Communion and Community
From the LOCH A TUATH NEWS November 2000
I was told it would be raining, howling with gales and the worst October weekend on record. Instead, our communion services enjoyed unprecedented good weather from Thursday through to Monday. When rain fell on Monday we had begun to forget what it looked like. And thoughts of rain went completely out of our mind on the Monday morning, when we heard a first-class sermon on the glories of Heaven by the Principal of our College.
Communions, of course, come and go, and each one is memorable and poignant in its own way. Each communion season recalls those which have gone before, and has its own share of experiences and memories. I cannot recall, however, ever conducting a wake at a communion weekend; the passing of Peggy Morrison, one of our oldest members, on the Sunday of the Communion was in itself significant. So too was the swift passing of Kenneth Morrison, Stornoway, within a week of the Communion, and then of Norman Macleod, Gress immediately thereafter.
All of which is a salutary reminder of the importance of people. It is not bricks and mortar that makes our communities or churches what they are, but people. You can try to hold on to buildings, but once the people go, the places change beyond recognition. Communion seasons are bound up to such a great extent with the people whom we got to know around the things of the Gospel, and with the memories of the just.

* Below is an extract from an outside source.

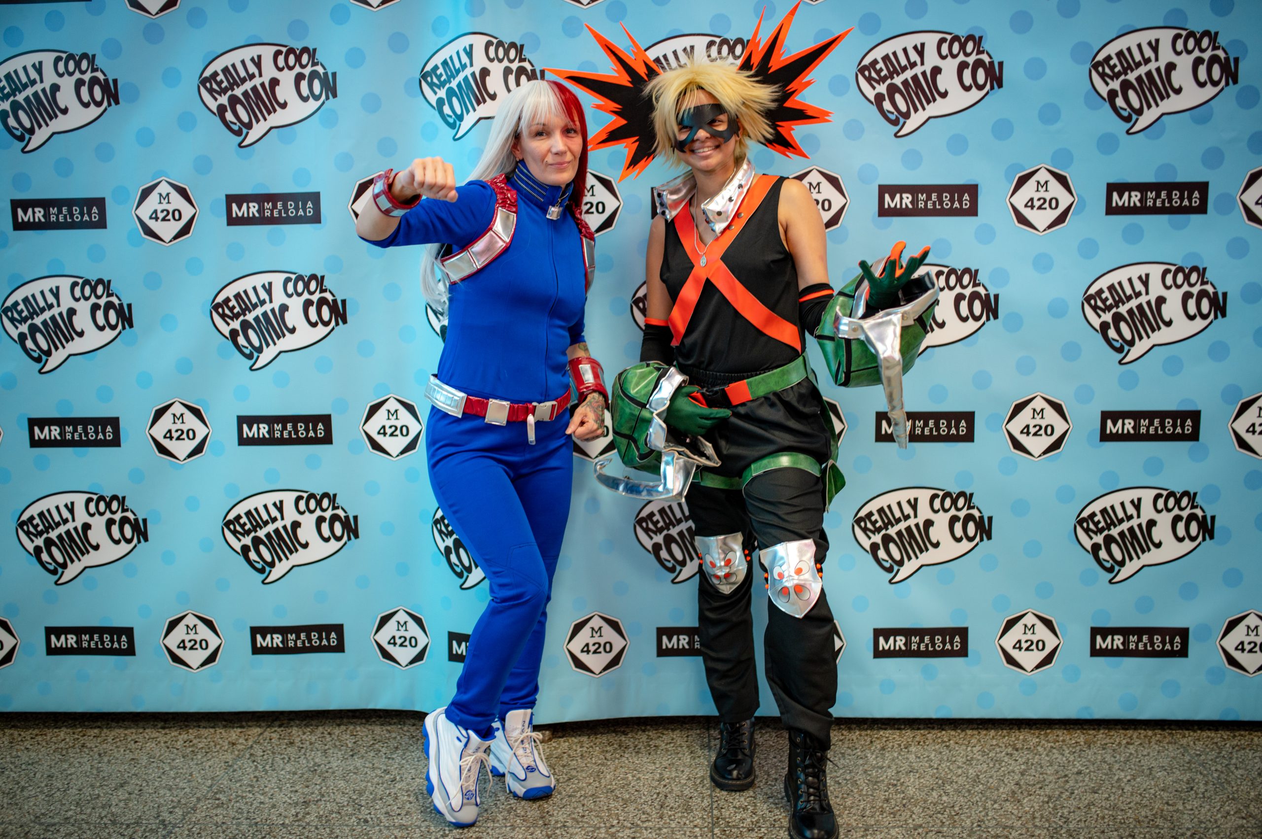 Xaria Bailey, dressed as Katsuki Bakugo from the anime “My Hero Academia,” and Carmen Bailey, dressed as Todoroki Shoto from the same anime, pose for a photo during Really Cool Comic Con at the Dort Financial Center in Flint, Mich. on August 6, 2022. (Michael Indriolo | Flint Beat)

I knew an elder once who told me that he would never tell a minister that he enjoyed a sermon from him, in case it would swell the minister's head too much; I also recall hearing the counsel often that we should not make too much of ministers; they are only men, after all. Now, all of this is true, and our faith at last rests, not on men, but on Jesus Christ.
Yet I am firmly of the opinion that we often fail to do justice to the doctrine of Providence, which governs all the events and meetings, all the high points and low points, of our lives in this world. God gives us the people: he ordains that in our small corners, we should interact in our lives with just those ministers, just those elders, just those men and women, just those boys and girls. He sets a premium upon them, using men to build up his church, both through what they are, and even in spite of what they are.
And both COMMUNITY and COMMUNION have within them the idea that, being many, we are at last one: one race, one family, one circle, one bond. We are to live, not estranged from one another, but for the good of one another, and in the knowledge that what we do affects others, and what others are, affects us.
So, when we lose people, whether through death, or betrayal, or departure, or as a result of the ordinary course of nature, we are impoverished. Both we and the world around us are the poorer. We must learn to live and love while we have the opportunity. Sometimes it is only when we lose those we love that we realise what they truly meant to us.